Keep in mind that I have six slots on this mobo. I first swapped the new
modules (Slot 2 to Slot 5 and vice versa), and that revealed no change.
Then I changed the memory timings in the bios from 3-8-3-3 (SPD) to
2-7-3-3, which manifested fewer errors, and while the "bad" were always
ffffffff before, the "good" were then ffffffff, a reversal of position.

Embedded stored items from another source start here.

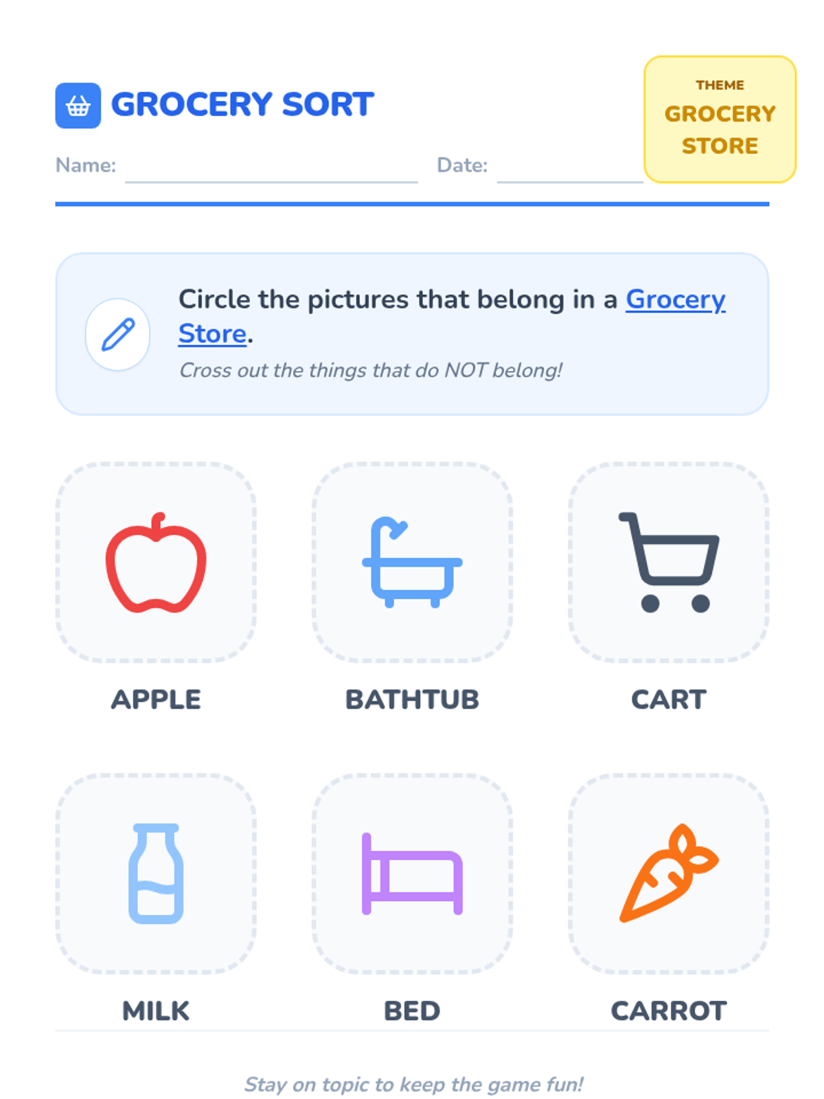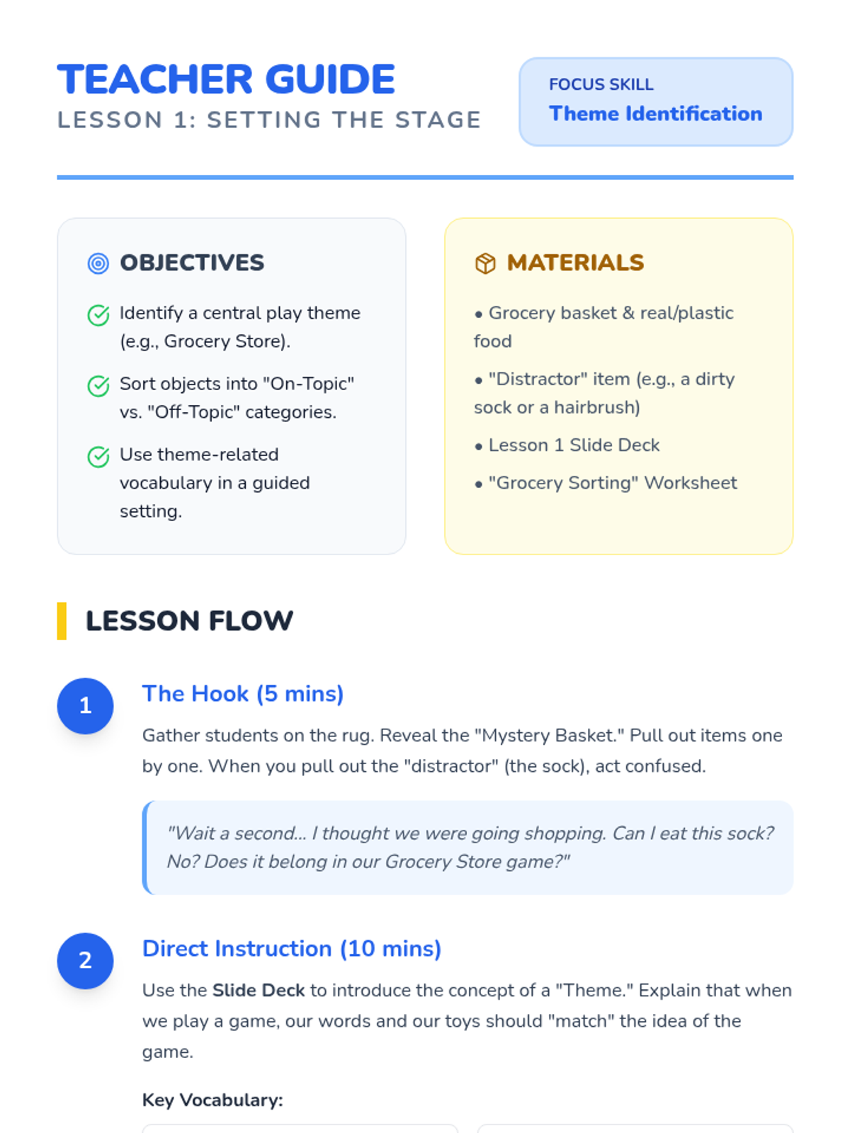A 5-lesson sequence for Pre-K students focusing on topic maintenance through the lens of dramatic play. Students learn to identify themes, stay in character, handle distractions, and transition between topics naturally.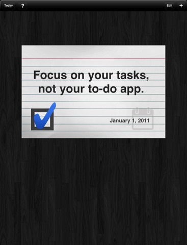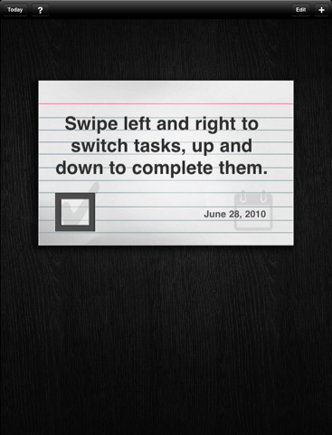 Rotate your iPad to portrait view to clear away distractions and spotlight your current task. When youre done, swipe down to complete that task and across to move to the next one. Simple and speedy.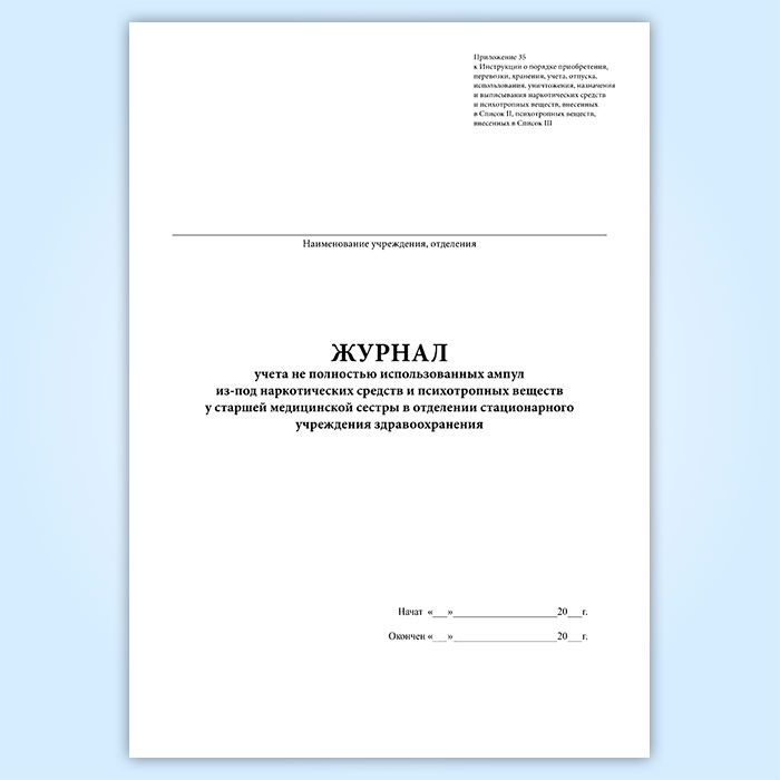 Журнал учета не полностью использованных ампул из-под наркотических средств и психотропных веществ у старшей медицинской сестры в отделении стационарного учреждения здравоохранения в Обнинске купить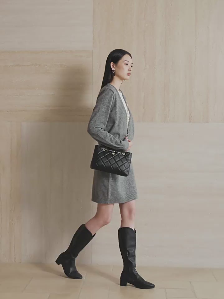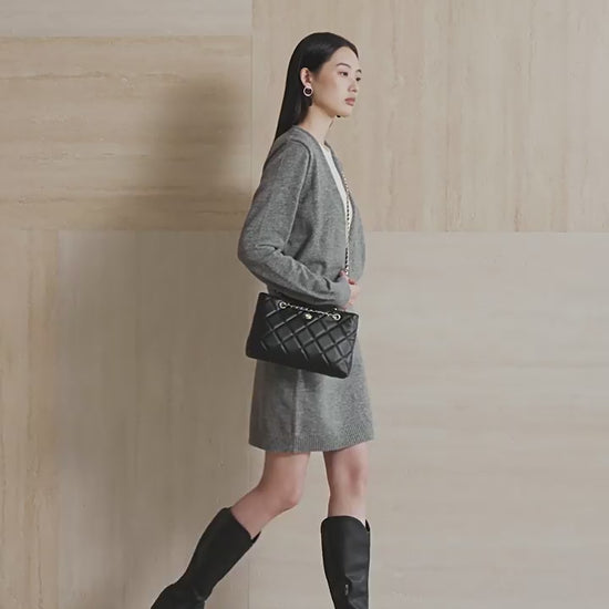Women's Quilted Genuine Leather Chain Shoulder Bag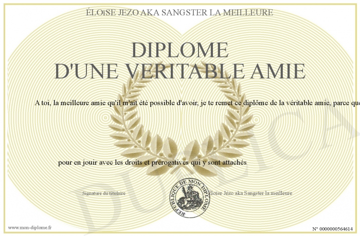 Envoyez par email votre Diplôme d'une véritable amie personalisé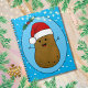 Adorable drôle mignonne joyeux patate de dessin animé brun portant un chapeau de Père Noël rouge et blanc. La pomme de terre est dans un style d'art cartoon et marron coloré, il a des bras et des doigts en bâton et un grand sourire heureux avec des points pour les yeux. Le chapeau de Père Noël sur sa tête est rouge avec une garniture blanche et un pompon blanc suspendu. Il est à l'intérieur d'une forme ovale bleu clair avec un cadre bleu foncé et deux feuilles verts saints avec deux baies rouges au sommet de l'ovale. La couleur arrière - plan est un bleu clair vif avec des flocons blancs qui flottent sur le bord pour donner une ambiance festive à ces mignons carnets saisonniers.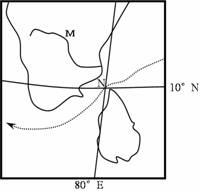 如图,中国某一远洋运输船舶沿着图中虚线航行,在阳光初露海面时刚好通过N地,此时收音机里正在播报北京时间8∶00整。据此回答4-5题。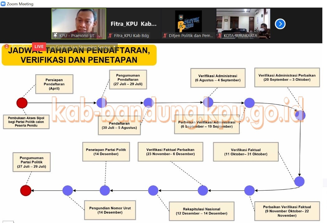 Bandung, kab-bandung.kpu.go.id – KPU Kabupaten Bandung mengikuti Sosialisasi Rancangan Peraturan Komisi Pemilihan Umum (PKPU) Pendaftaran, Verifikasi dan Penetapan Partai Politik Peserta Pemilu yang diselenggarakan oleh Direktorat Jenderal Politik dan Pemerintahan Kementrian Dalam Negeri (Ditjen Polpum Kemendagri) secara daring dalam rangka menghadapi persiapan Pemilu 2024 pada Rabu (23/3/2022). Pramono Ubaid Tanthowi, Komisioner KPU RI Periode 2017-2022 serta Anggota Bawaslu RI Rahmat Bagja, menjadi narasumber pada kegiatan sosialisasi ini.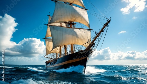 a sailing ship with billowing sails on the open ocean.

Later with this arrangement the order swapped again back to original. I
then changed the timings to 3-10-4-4, which is about as relaxed as my bios
allows, and that revealed no change.

Next, I removed the old memory and installed only the new in Slot 1 and Slot
4, and received no errors. So, while the two pairs used separately show no
errors while in the first slot of each bank, they manifest these random
errors on Test 5 when used together. This indicates to me that the physical
RAM is not defective.

That naturally lead me to think something might be wrong with the second
slot of one or both banks (Slots 2 and/or 5), so I removed the sticks in
Slots 1 and 3 and that manifested no errors. That should eliminate the
possibility of bad slots. So if the slots and modules are good, other than
a software issue I'm dumbfounded as to what could be causing the errors.